■ Exercise requirements: Each line below from the line with "おまんは、京の都から、少しだけ黄金を持ってきていたのだが、その黄金の価値を教えられた藤太は、「 そういえば、 岩崎山" to the line with "Varcato l'ingresso dal" must be copied exactly, including those two, and no picture may appear in the copy.

[Extracted records]
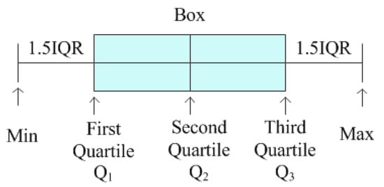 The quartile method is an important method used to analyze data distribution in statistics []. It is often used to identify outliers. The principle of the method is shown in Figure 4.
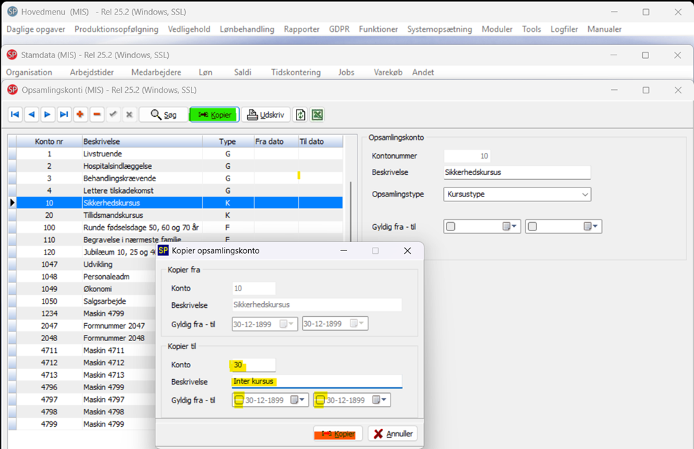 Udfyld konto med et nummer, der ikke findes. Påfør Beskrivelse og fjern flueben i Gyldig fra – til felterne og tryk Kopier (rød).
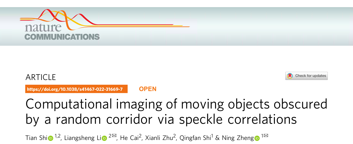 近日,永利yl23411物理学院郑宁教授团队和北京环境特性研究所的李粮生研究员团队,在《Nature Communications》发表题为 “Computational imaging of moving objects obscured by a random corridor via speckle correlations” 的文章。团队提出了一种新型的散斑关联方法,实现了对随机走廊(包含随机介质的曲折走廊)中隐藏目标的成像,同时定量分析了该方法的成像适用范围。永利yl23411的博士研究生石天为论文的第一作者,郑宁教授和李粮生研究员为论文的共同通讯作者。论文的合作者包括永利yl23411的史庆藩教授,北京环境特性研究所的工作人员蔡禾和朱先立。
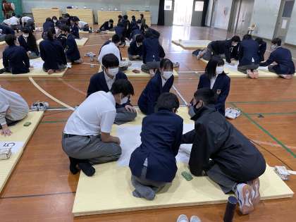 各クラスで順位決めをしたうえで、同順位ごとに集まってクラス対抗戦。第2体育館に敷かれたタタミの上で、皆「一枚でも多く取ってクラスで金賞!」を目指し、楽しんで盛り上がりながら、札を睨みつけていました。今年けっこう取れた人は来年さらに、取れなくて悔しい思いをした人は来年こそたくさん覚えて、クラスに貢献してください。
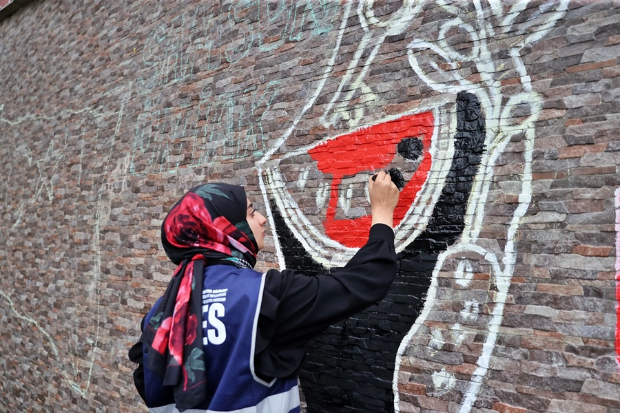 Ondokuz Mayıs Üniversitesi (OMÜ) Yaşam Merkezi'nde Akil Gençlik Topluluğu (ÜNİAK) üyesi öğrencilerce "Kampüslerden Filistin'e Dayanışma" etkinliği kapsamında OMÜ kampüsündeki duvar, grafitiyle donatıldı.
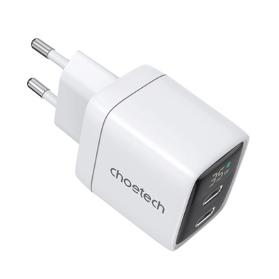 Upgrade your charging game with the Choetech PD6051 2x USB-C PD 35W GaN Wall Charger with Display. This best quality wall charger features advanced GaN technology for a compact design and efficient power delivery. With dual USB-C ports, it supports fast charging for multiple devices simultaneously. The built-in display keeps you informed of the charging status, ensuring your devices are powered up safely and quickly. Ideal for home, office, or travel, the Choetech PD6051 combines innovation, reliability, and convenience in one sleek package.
...
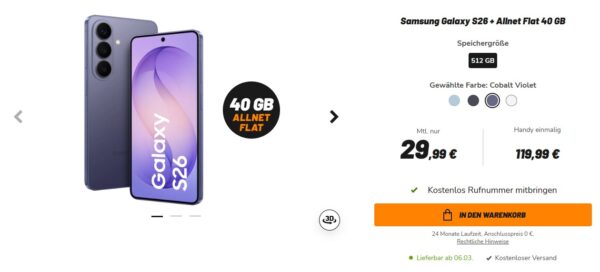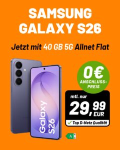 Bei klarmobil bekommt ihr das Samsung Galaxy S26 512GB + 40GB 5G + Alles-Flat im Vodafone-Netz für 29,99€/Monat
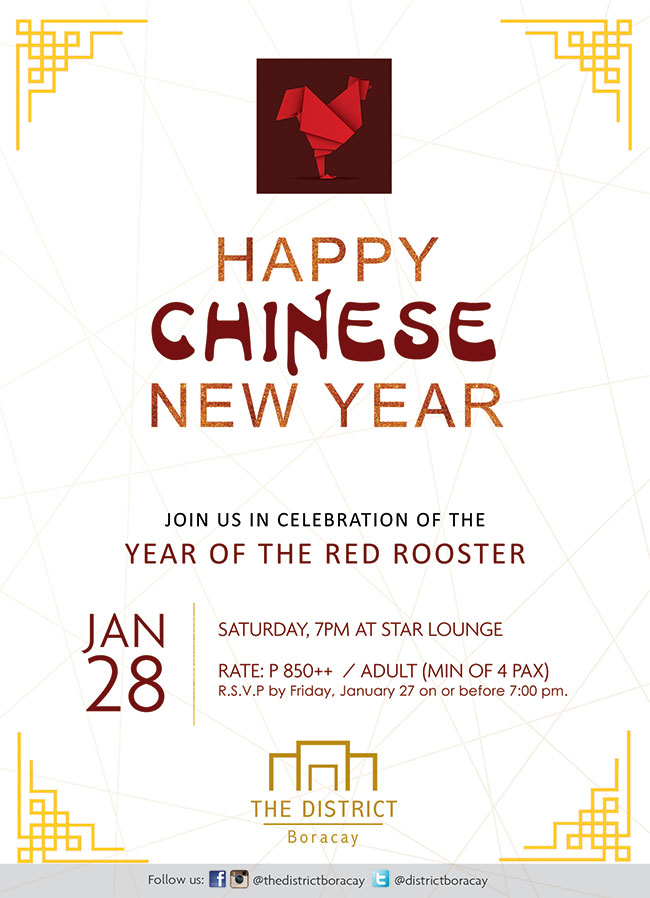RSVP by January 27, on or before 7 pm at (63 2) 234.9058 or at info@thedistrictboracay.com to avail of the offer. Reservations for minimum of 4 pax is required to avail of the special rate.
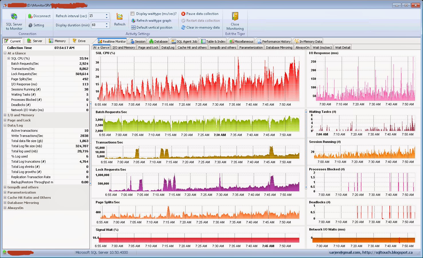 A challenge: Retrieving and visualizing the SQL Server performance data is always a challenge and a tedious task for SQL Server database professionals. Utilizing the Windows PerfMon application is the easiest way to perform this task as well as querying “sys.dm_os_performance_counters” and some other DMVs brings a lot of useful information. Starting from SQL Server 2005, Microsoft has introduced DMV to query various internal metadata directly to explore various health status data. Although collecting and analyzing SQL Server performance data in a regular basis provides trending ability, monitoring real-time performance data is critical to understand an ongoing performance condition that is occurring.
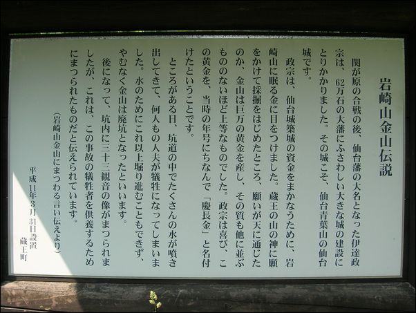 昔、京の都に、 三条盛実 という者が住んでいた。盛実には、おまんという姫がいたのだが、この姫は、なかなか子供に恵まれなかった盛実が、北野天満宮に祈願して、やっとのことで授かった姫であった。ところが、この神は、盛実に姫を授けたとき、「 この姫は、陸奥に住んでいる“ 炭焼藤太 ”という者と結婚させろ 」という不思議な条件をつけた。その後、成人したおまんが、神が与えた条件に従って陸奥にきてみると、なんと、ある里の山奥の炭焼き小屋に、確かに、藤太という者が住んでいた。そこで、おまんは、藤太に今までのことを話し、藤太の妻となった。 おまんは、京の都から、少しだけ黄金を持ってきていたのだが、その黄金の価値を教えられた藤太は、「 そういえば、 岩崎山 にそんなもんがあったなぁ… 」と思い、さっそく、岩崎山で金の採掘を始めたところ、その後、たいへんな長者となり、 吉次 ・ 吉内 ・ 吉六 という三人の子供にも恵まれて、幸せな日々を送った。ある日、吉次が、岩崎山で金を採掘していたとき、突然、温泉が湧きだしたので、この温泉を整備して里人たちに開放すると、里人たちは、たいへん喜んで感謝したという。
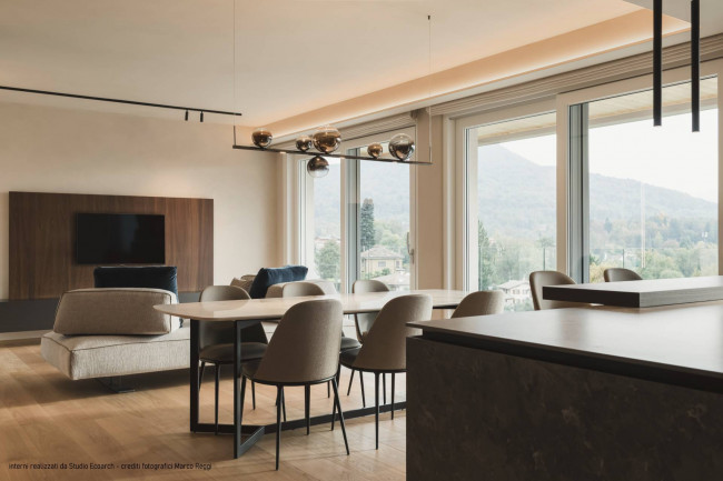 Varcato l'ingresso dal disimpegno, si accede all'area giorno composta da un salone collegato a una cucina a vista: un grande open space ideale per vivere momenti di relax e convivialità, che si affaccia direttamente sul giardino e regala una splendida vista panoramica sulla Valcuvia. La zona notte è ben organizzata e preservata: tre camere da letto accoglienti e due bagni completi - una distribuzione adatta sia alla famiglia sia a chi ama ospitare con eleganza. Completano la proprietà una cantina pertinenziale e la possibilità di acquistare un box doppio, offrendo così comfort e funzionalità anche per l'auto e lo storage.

■ Exercise solution:
 昔、京の都に、 三条盛実 という者が住んでいた。盛実には、おまんという姫がいたのだが、この姫は、なかなか子供に恵まれなかった盛実が、北野天満宮に祈願して、やっとのことで授かった姫であった。ところが、この神は、盛実に姫を授けたとき、「 この姫は、陸奥に住んでいる“ 炭焼藤太 ”という者と結婚させろ 」という不思議な条件をつけた。その後、成人したおまんが、神が与えた条件に従って陸奥にきてみると、なんと、ある里の山奥の炭焼き小屋に、確かに、藤太という者が住んでいた。そこで、おまんは、藤太に今までのことを話し、藤太の妻となった。 おまんは、京の都から、少しだけ黄金を持ってきていたのだが、その黄金の価値を教えられた藤太は、「 そういえば、 岩崎山 にそんなもんがあったなぁ… 」と思い、さっそく、岩崎山で金の採掘を始めたところ、その後、たいへんな長者となり、 吉次 ・ 吉内 ・ 吉六 という三人の子供にも恵まれて、幸せな日々を送った。ある日、吉次が、岩崎山で金を採掘していたとき、突然、温泉が湧きだしたので、この温泉を整備して里人たちに開放すると、里人たちは、たいへん喜んで感謝したという。
 Varcato l'ingresso dal disimpegno, si accede all'area giorno composta da un salone collegato a una cucina a vista: un grande open space ideale per vivere momenti di relax e convivialità, che si affaccia direttamente sul giardino e regala una splendida vista panoramica sulla Valcuvia. La zona notte è ben organizzata e preservata: tre camere da letto accoglienti e due bagni completi - una distribuzione adatta sia alla famiglia sia a chi ama ospitare con eleganza. Completano la proprietà una cantina pertinenziale e la possibilità di acquistare un box doppio, offrendo così comfort e funzionalità anche per l'auto e lo storage.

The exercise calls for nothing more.